_AVAILABLE DATA:_
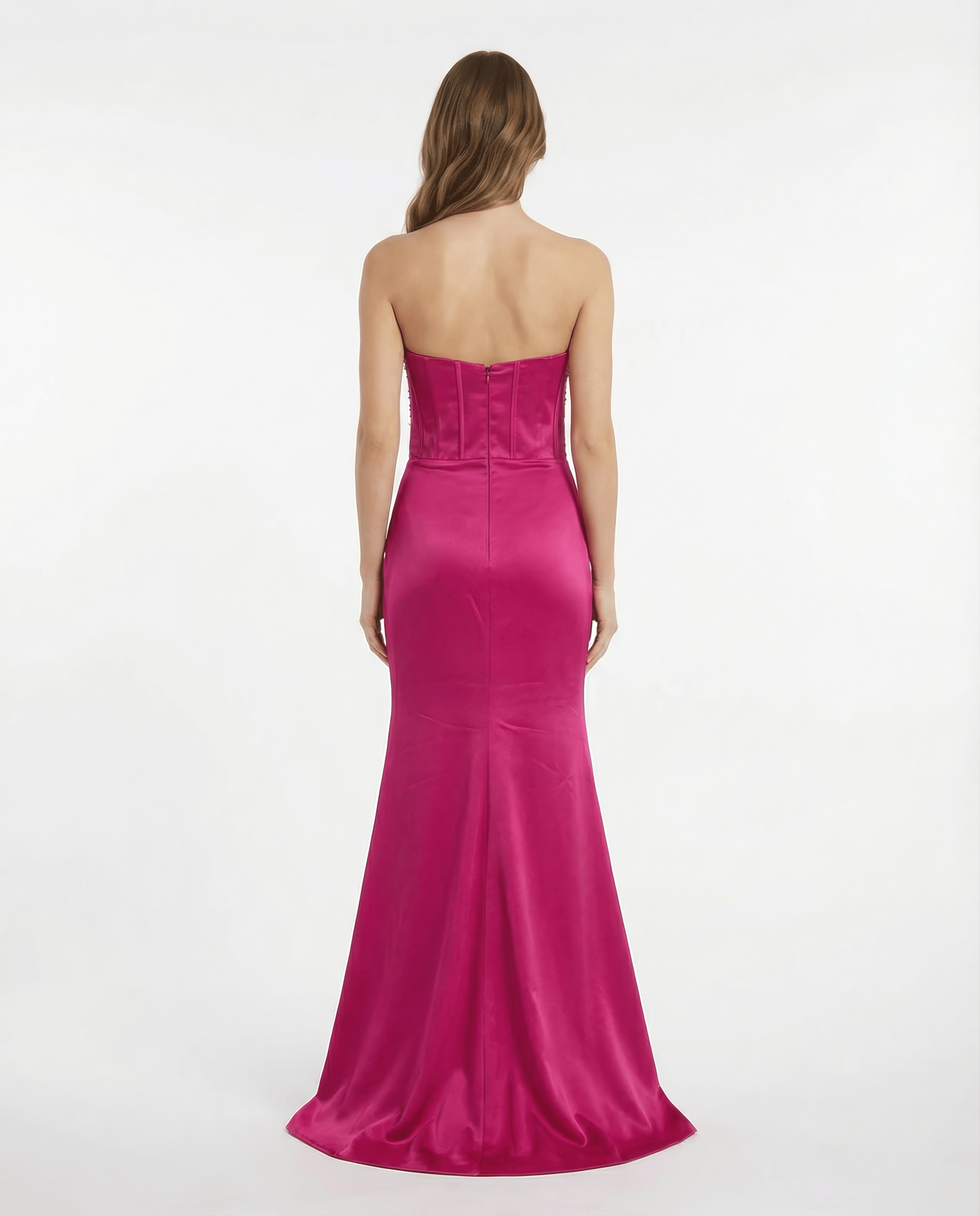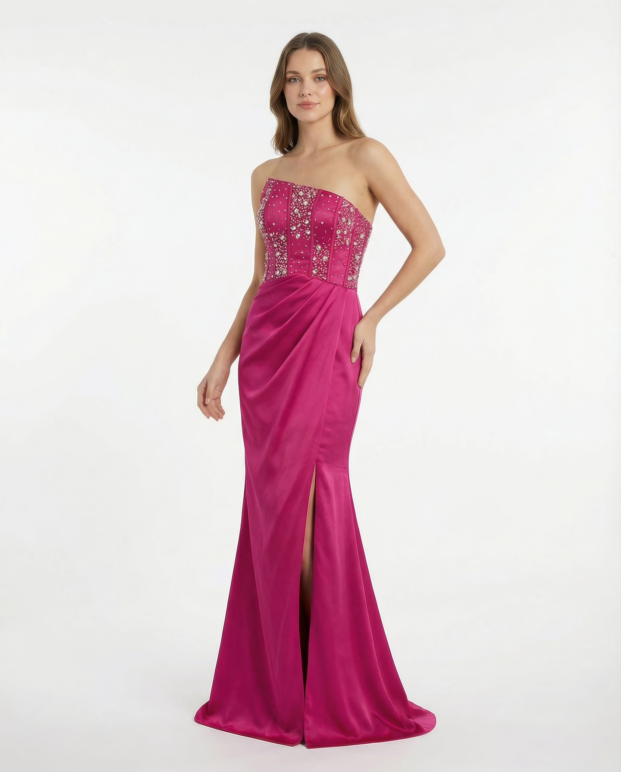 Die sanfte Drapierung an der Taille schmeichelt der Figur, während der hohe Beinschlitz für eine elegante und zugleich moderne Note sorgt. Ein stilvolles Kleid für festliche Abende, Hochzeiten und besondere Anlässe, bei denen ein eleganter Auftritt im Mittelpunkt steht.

* * *

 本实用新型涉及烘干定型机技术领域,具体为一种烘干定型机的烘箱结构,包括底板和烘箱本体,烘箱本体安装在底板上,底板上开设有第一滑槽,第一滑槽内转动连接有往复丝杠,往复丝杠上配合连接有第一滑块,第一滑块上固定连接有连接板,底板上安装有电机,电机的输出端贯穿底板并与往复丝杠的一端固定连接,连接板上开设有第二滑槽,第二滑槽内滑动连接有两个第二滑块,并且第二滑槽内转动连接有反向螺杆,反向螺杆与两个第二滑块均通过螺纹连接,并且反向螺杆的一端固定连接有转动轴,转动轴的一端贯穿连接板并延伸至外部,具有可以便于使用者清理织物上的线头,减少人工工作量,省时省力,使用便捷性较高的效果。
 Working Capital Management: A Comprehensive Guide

_YOUR GOAL:_
Where the line holding "本实用新型涉及烘干定型机技术" appears in the listing above, start reproducing exactly, and end with the line holding "Working Capital Management: A".

_RESULT:_
 本实用新型涉及烘干定型机技术领域,具体为一种烘干定型机的烘箱结构,包括底板和烘箱本体,烘箱本体安装在底板上,底板上开设有第一滑槽,第一滑槽内转动连接有往复丝杠,往复丝杠上配合连接有第一滑块,第一滑块上固定连接有连接板,底板上安装有电机,电机的输出端贯穿底板并与往复丝杠的一端固定连接,连接板上开设有第二滑槽,第二滑槽内滑动连接有两个第二滑块,并且第二滑槽内转动连接有反向螺杆,反向螺杆与两个第二滑块均通过螺纹连接,并且反向螺杆的一端固定连接有转动轴,转动轴的一端贯穿连接板并延伸至外部,具有可以便于使用者清理织物上的线头,减少人工工作量,省时省力,使用便捷性较高的效果。
 Working Capital Management: A Comprehensive Guide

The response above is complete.